Microsecond Consensus for Microsecond Applications

Posted on January 7, 2022   10 minute read ∼ Filed in  : 

Some questions about the paper.

  1. Why the logs are in cache instead of the main memory? how could they control this?

Abstract & introduction

Background

It is desirable to replciate the microsecond apps across many hosts to provide high availability. Especially for the stateful services like kv store.

Traditional State Machine Replication system add hundreds of microseconds of overhead on replication process.

Recend work explores modern hardware to decrease the replication time to several microseconds. Eg Hermes, Dare, HovercRaft. But it’s still to high for apps taking only few microsecond.

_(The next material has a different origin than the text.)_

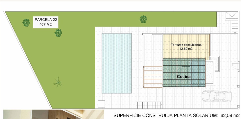 El exterior es un verdadero refugio de serenidad. El jardín privado invita a disfrutar del cálido clima mediterráneo, mientras que la piscina privada ofrece un lujo refrescante para relajarse en cualquier momento. La terraza es el lugar perfecto para cenas al aire libre, y el solárium proporciona un espacio exclusivo para disfrutar de las vistas panorámicas y el sol.

When above meet failure, it spends tens of milliseconds to recover.

Problems

How to make microsecond apps fault-tolerant through replication which operates at microsecond scale?

Contribution

The pape propose a system called MU, it leverages RDMA to implement strong consistency for microsecond apps.

Summary of contributations

  1. It significantly reduce both replication and failover recover latency. Specifically, it spends less than 1.3 microseconds to replicate a app request and 873 microseconds to failure recover.

    Roughly, leader replicates a request by simple writing it directly to the log of other replicas using RDMA in parallel way and in one round, without any additional communication.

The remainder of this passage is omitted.